簡易檢索 / 詳目顯示

研究生: 蔡文齊
Wen-Chi Tsai
論文名稱: 改善快閃記憶體可靠度之適應性容錯技術
Adaptive Fault-Tolerant Techniques for Improving Reliability of Flash Memory
指導教授: 呂學坤
Shyue-Kung Lu
口試委員: 呂學坤
Shyue-Kung Lu
李進福
Jin-Fu Li
黃樹林
Shu-Lin Hwang
王乃堅
Nai-Jian Wang
洪進華
Jin-Hua Hong
學位類別: 碩士
Master
系所名稱: 電資學院 - 電機工程系
Department of Electrical Engineering
論文出版年: 2018
畢業學年度: 106
語文別: 中文
論文頁數: 80
中文關鍵詞: 快閃記憶體容錯錯誤更正碼良率可靠度
外文關鍵詞: Flash memory, Fault tolerance, Error correction codes, Yield, Reliability
相關次數: 點閱:331下載:41
分享至:
查詢本校圖書館目錄 查詢臺灣博碩士論文知識加值系統 勘誤回報
  • 由於快閃記憶體具有高效能、低功耗與較好的抗震能力等特點,它被廣泛使用在筆記型電腦、手機、固態硬碟等消費性電子產品上。快閃記憶體利用儲存在浮閘上的電子數量多寡來儲存資料,而隨著製程與技術的進步,快閃記憶體一個細胞能儲存的位元數越來越多,使其雜訊邊界縮小,導致隨著細胞抹寫次數 (P/E Cycle) 的上升,記憶體的可靠度與耐久度嚴重下降。最常被用來解決這個問題的方法為使用錯誤更正碼技術,錯誤更正碼能有效對付快閃記憶體主要的故障:永久性故障與干擾性故障,但快閃記憶體不支援相同位置資料更新 (In-Place Update),因此編碼字內的故障數會隨時間累積,當一個編碼字內的故障數量超過其保護能力範圍時,該編碼字就無法被修復。
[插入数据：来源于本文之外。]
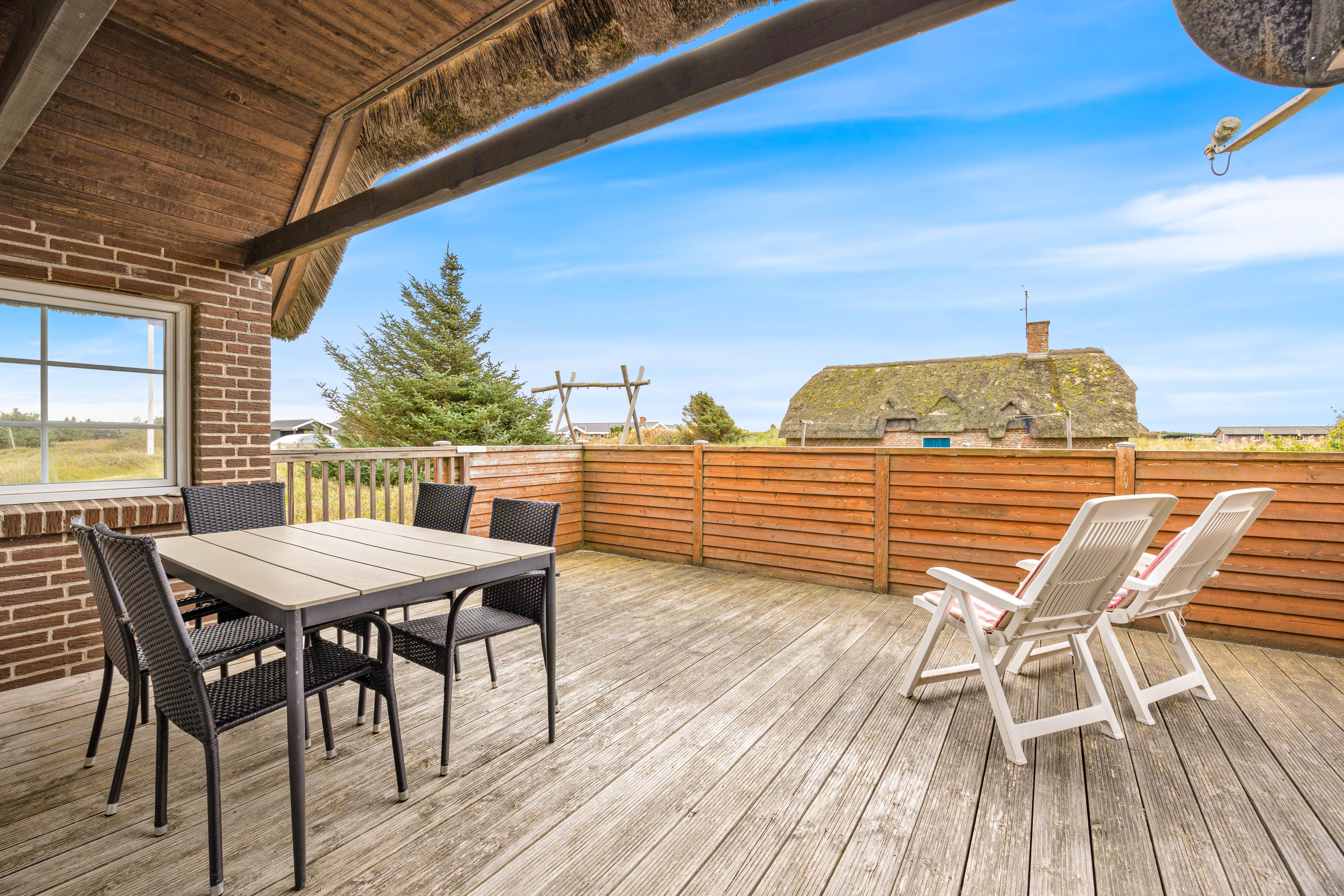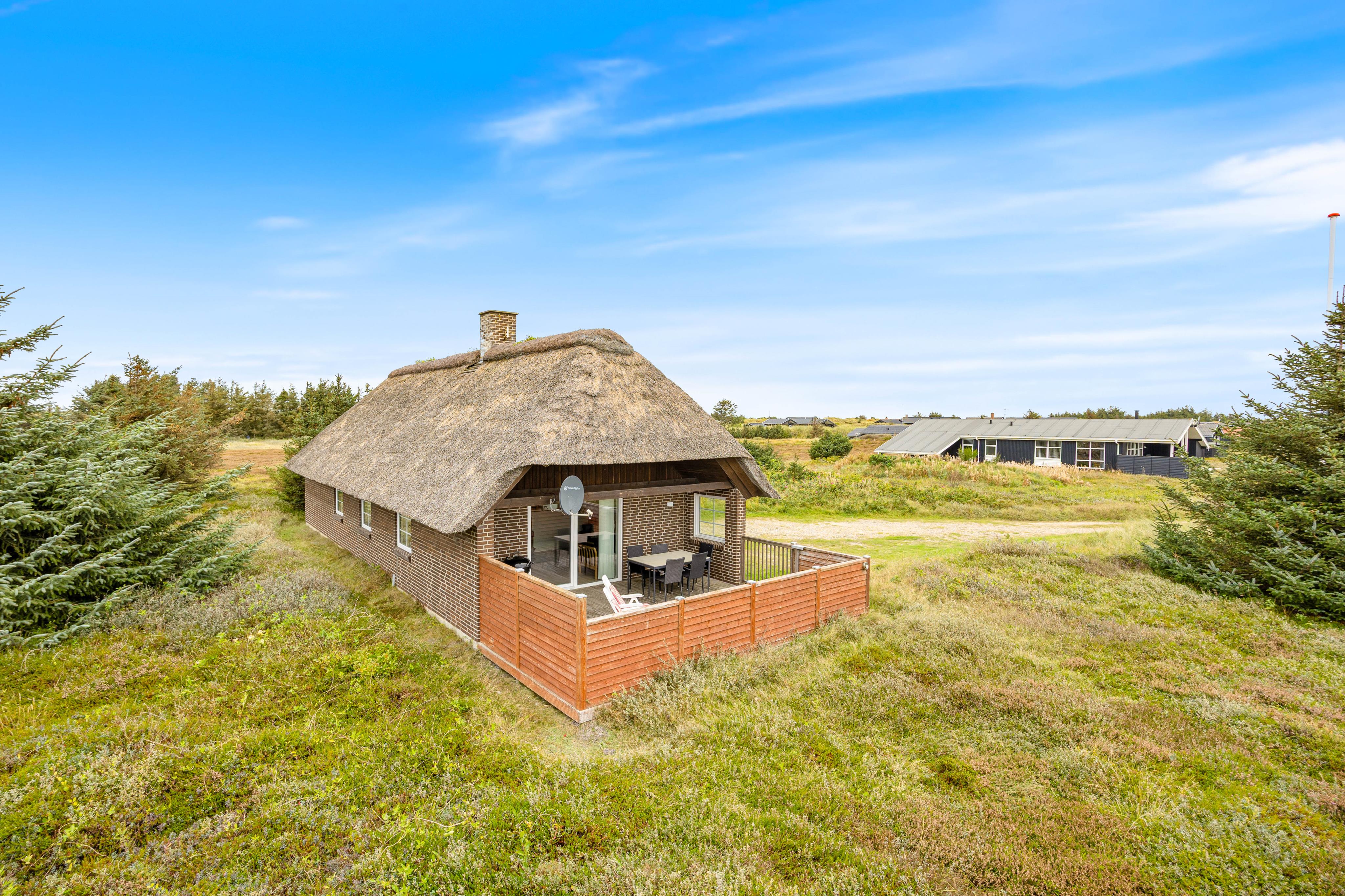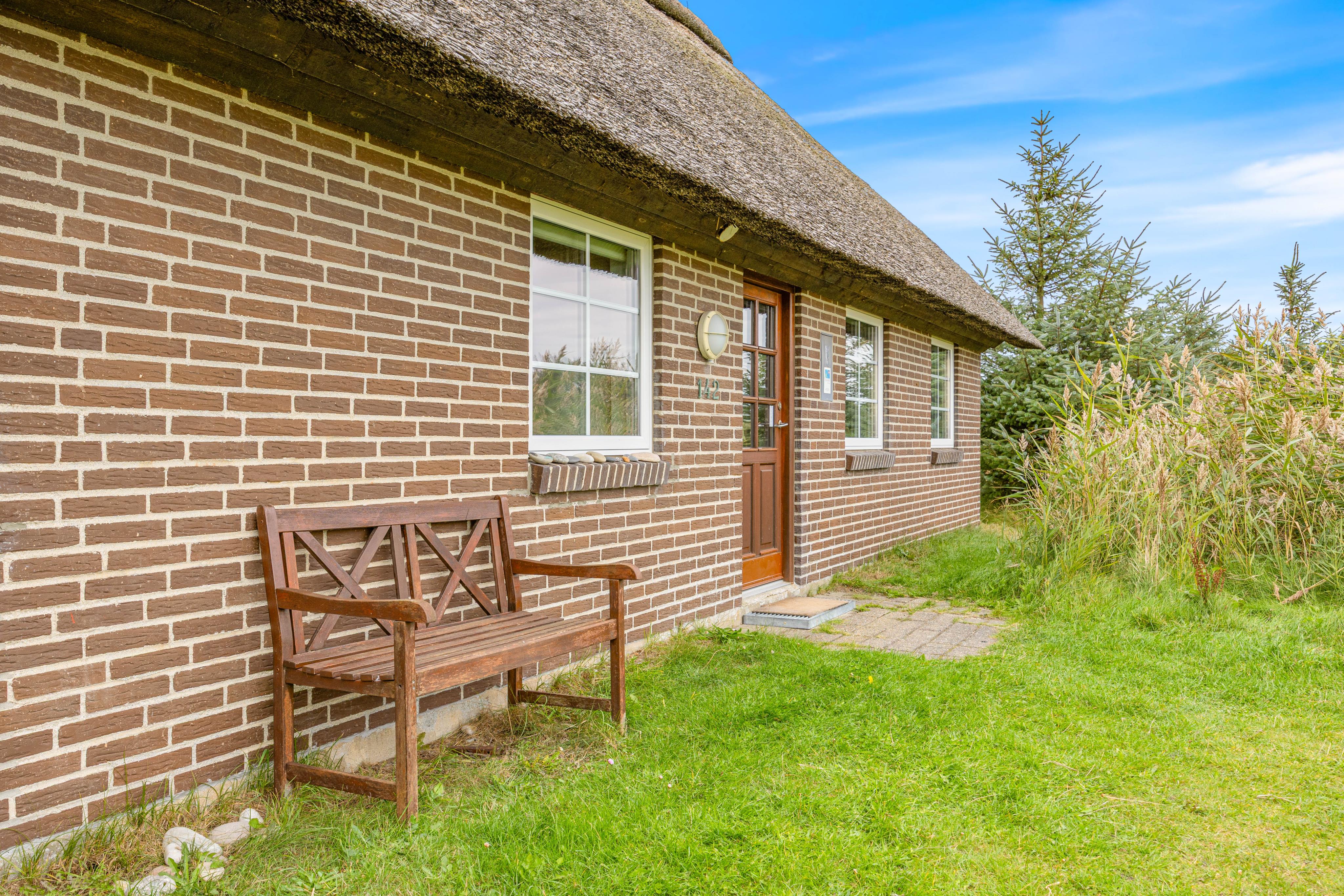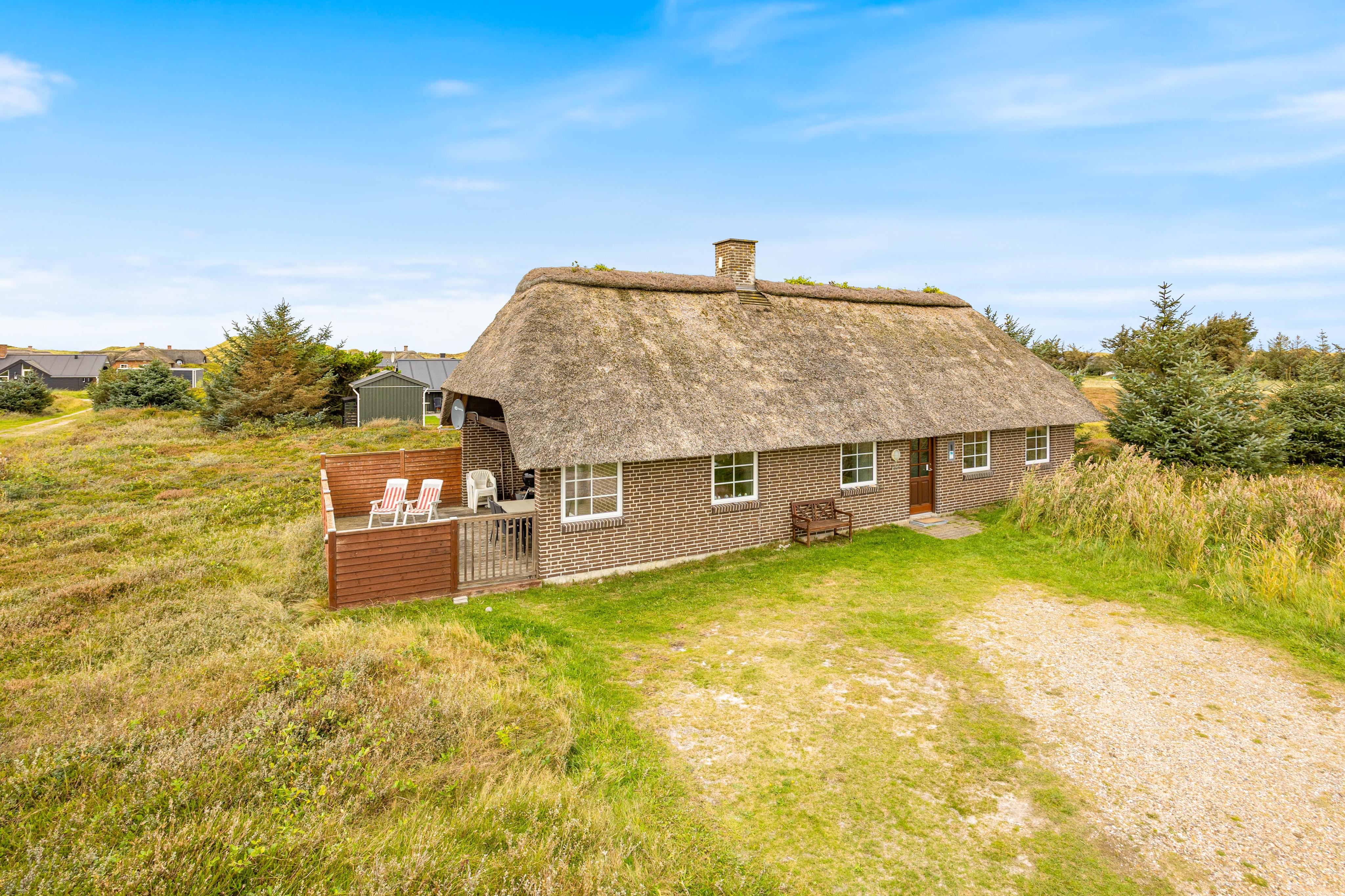 Gemütliches Ferienhaus mit Reetdach und charmanter Einrichtung im Fladsbjergvej in Klegod. Das Haus liegt auf einem Naturgrundstück nur 300 Meter von der Nordsee entfernt und auch bis nach Søndervig oder Hvide Sande ist es mit dem Auto nicht weit.

    因此,本論文提出適應性錯誤容忍技術來解決這些問題,本技術主要的想法為在錯誤更正碼保護能力固定的情況下,我們提出修正餘度 (Correction Slack) 的概念,藉由計算錯誤更正碼剩餘修復能力的數量,只針對錯誤更正碼剩餘修正能力較低的編碼字,藉由記錄錯誤位置進行額外保護,並設定累積錯誤數已超過 ECC 保護能力的編碼字所在的頁為關鍵頁,對其進行定期的虛擬錯誤刷除,以防止故障累積超過其保護能力而無法被修復。
    本研究實現了適應性錯誤容忍技術的硬體電路,並在一個128 MB 的快閃記憶體上分析了本方法的修復率、良率、可靠度以及硬體成本。根據實驗的結果,在配備 48 組 CAM 欄位、編碼字長度為 256 位元時,我們的修復率相較只使用錯誤更正碼提升達 32%,在較差的情況下良率也能維持在 93 % 以上,可靠度亦能在 106 小時後維持 91% 的水準,而所使用的硬體成本相較整個快閃記憶體只要0.12 % 以下。


    Due to the inherent features of high performance, low power consumption and shock resistance, flash memories are widely used in consumer products such as notebooks, smart phones, SSDs, and so on. The data stored in a flash memory cell is determined by the number of charges programmed on its floating gate. Since the number of bits can be stored in a single cell keeps increasing continuously, the noise margin on each Vth level of the multiple-level cells shrinks significantly. This will then lead to reliability and endurance issues when the program and erase counts increase. To solve this problem, the most popularly used technique is error correction code (ECC). ECC can effectively conquer the main fault types of flash memories, including permanent faults and disturb faults. However flash memories don’t support in-place update. Therefore, we cannot correct the stored data within the flash memory cell. When the number of faulty bits in a codeword exceeds the ECC correction capacity, this codeword cannot be corrected successfully.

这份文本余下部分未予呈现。